タンパク質の高速光化学酸化(FPOP)は、タンパク質の溶媒にアクセス可能な表面積をプローブする質量分析ベースの構造生物学技術です。この技術は、溶液中で自由に拡散するヒドロキシルラジカルとのアミノ酸側鎖の反応に依存する。FPOPは過酸化水素のレーザー光分解によってその際にこれらのラジカルを生成し、マイクロ秒のオーダーで枯渇するヒドロキシルラジカルのバーストを作り出す。これらのヒドロキシルラジカルが溶媒にアクセス可能なアミノ酸側鎖と反応する場合、反応生成物は質量分析法により測定および定量することができるマスシフトを示す。アミノ酸の反応速度はそのアミノ酸の平均溶媒アクセス可能な表面に部分的に依存するため、タンパク質の所定の領域の酸化量の測定された変化は、異なる立体間のその領域の溶媒アクセシビリティの変化(例えば、リガンド結合対リガンドフリー、モノマー対集合体)に直接相関することができる。FPOPは、タンパク質とタンパク質の相互作用、タンパク質の立体構造変化、タンパクリガンド結合など、生物学における多くの問題に適用されてきました。ヒドロキシルラジカルの利用可能な濃度は、FPOP実験における多くの実験条件に基づいて変化するので、タンパク質検体が暴露される有効なラジカル用量を監視することが重要である。このモニタリングは、FPOP反応からの信号を測定するためにインライン線量計を組み込むことによって効率的に達成され、レーザーフルエンスはリアルタイムで調整され、所望の酸化量を達成する。この補正により、コンフォメーション変化、リガンド結合面、タンパク質間相互作用界面を反映したタンパク質トポグラフィーの変化を、比較的低いサンプル量を用いて異種サンプルで決定することができます。

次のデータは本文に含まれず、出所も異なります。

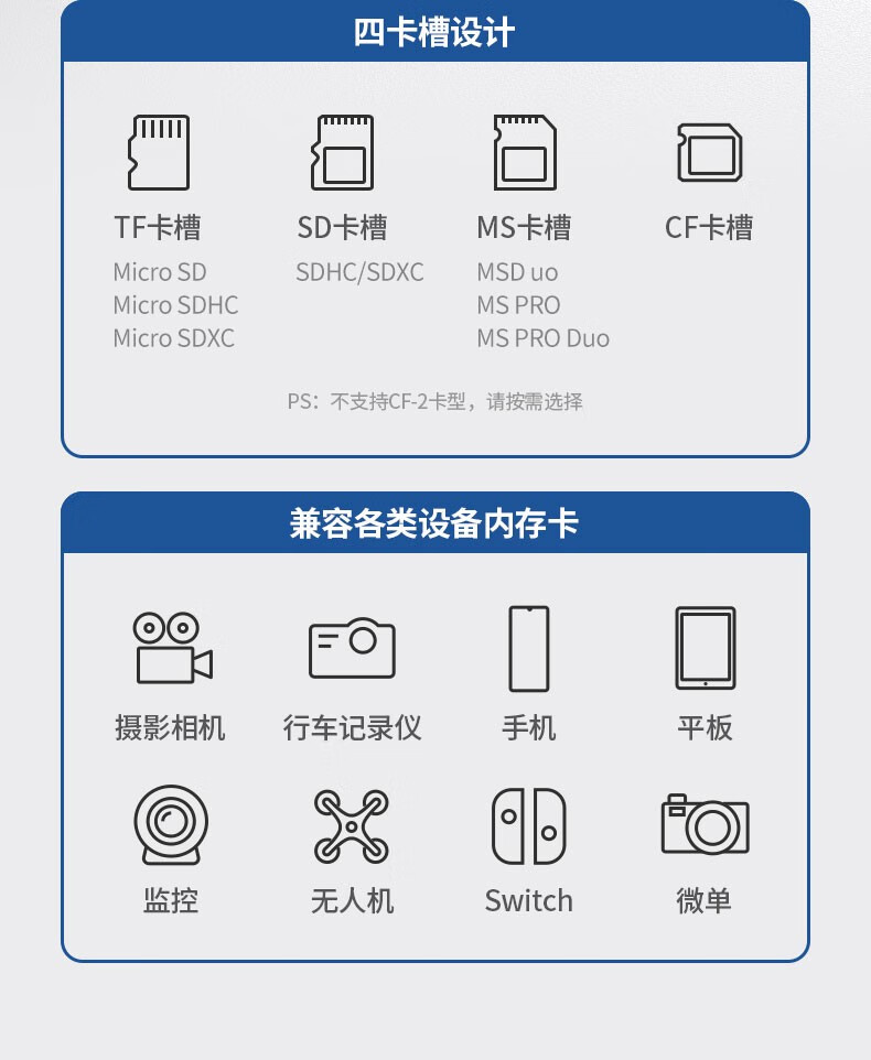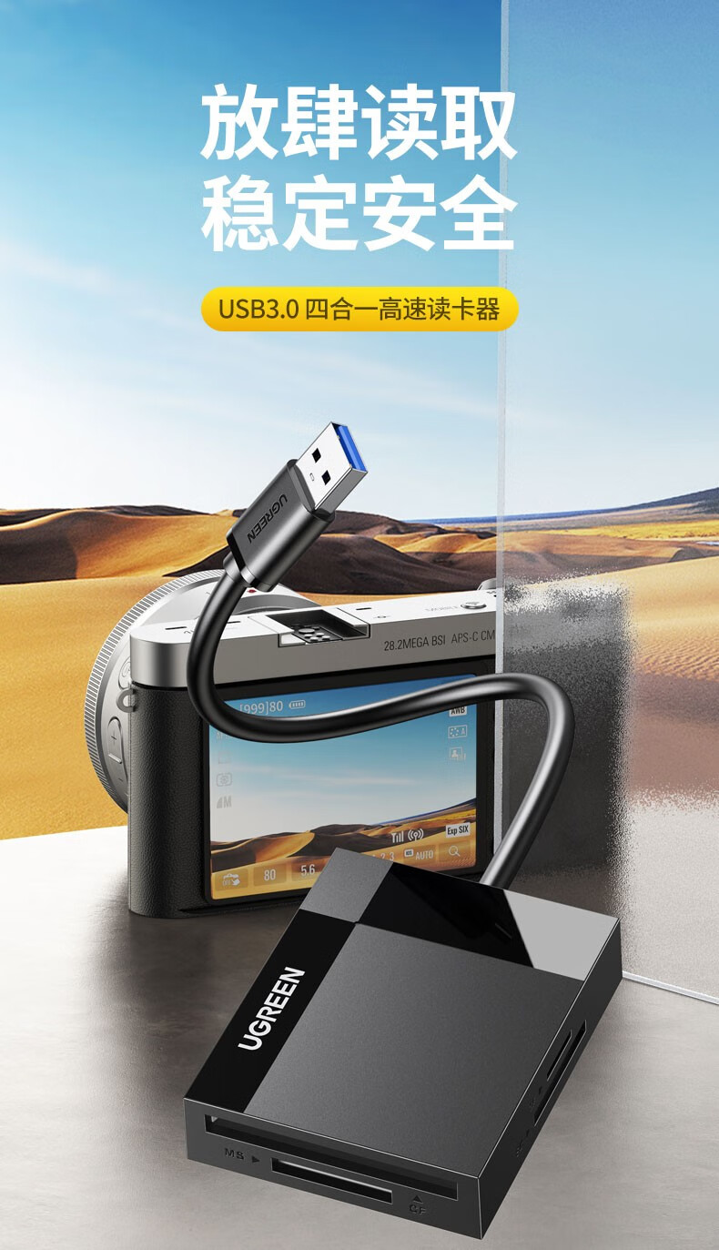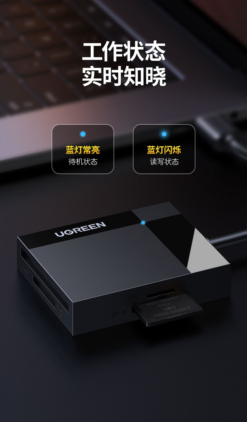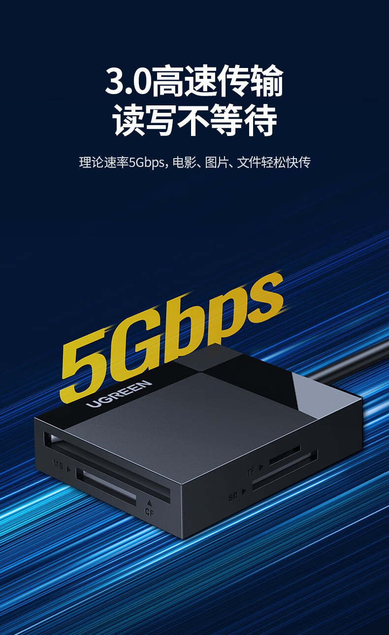 Greenlink multi-function all-in-one card reader USB3.0 high-speed supports SD/TF/CF/MS, suitable for cameras, driving recorders, surveillance cameras, mobile phone memory cards, USB3.0 multi-card multi-read, 0.5 meters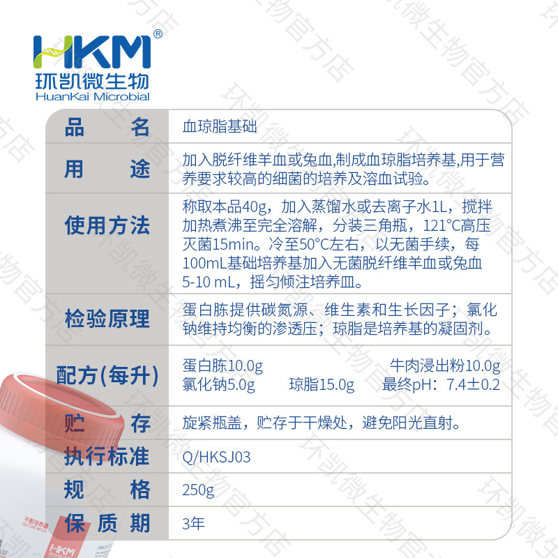 产品用途:加入脱纤维羊血或兔血,制成血琼脂培养基,用于营养要求较高的细菌的培养及溶血试验。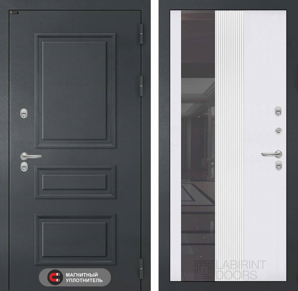 Входная дверь Атлантик с Зеркалом 32 тонированным - Белый рельеф софт

タンパク質の高速光化学酸化(FPOP)は、溶媒曝露されたタンパク質の表面積の超高速共有修飾によるタンパク質地形変化の測定に新たな技術であり、続いてLC-MS1による検出を行う。FPOPは、過酸化水素のUVレーザーフラッシュ光分解により、その一部に高濃度のヒドロキシルラジカルを生成する。これらのヒドロキシルラジカルは、非常に反応性と短命であり、FPOP条件2の下でおよそマイクロ秒のタイムスケールで消費される。これらのヒドロキシルラジカルは、水を介して拡散し、一般に高速(〜106M-1 s6 -1)から拡散制御3に至るまで、運動速度で溶液中の様々な有機成分を酸化する。ヒドロキシルラジカルがタンパク質表面に遭遇すると、ラジカルはタンパク質表面上のアミノ酸側鎖を酸化し、そのアミノ酸(最も一般的には1つの酸素原子の純加量)の質量シフトを生じる4。任意のアミノ酸における酸化反応の速度は、そのアミノ酸の固有反応性(側鎖および配列コンテキストに依存する)4、5,5およびその側鎖の拡散ヒドロキシルラジカルへのアクセス可能性の2つの要因に依存し、これは平均溶媒アクセス可能な表面積6,77と6密接に相関する。グリシンを除くすべての標準的なアミノ酸は、FPOP実験でこれらの反応性の高いヒドロキシルラジカルによって標識されているように観察されています, 大きく異なる収率ではあるが;実際には、Ser、Thr、Asn、およびAlaは、高ラジカル用量の下で、慎重かつ敏感な標的ETDフラグメンテーション88、99によって同定される以外、ほとんどのサンプルで酸化されると見られることはほとんどありません。酸化後、試料を消光して過酸化水素および二次酸化剤(スーパーオキシド、一酸化酸素、ペプチジルヒドロペルオキシドなど)を除去する。次いで、クエンチされたサンプルをタンパク質分解して酸化ペプチドの混合物を生成し、構造情報は、様々なペプチドの酸化生成物のパターンにおいて化学的「スナップショット」として凍結される(図1)。質量分析(LC-MS)に結合された液体クロマトグラフィーは、そのペプチドの酸化および非酸化バージョンの相対的な強度に基づいて、所定のタンパク質分解ペプチドにおけるアミノ酸の酸化量を測定するために使用されます。異なる立体構造条件下で得られた同じタンパク質のこの酸化足跡を比較することにより(例えば、リガンド結合対リガンドフリー)、タンパク質の所定の領域の酸化量の差は、その領域66,77の溶媒アクセス可能表面積の違いと直接相関することができる。タンパク質の地形情報を提供する能力は、FPOPタンパク質の高次構造決定のための魅力的な技術を作ります, タンパク質の治療の発見と開発中を含みます10,,11.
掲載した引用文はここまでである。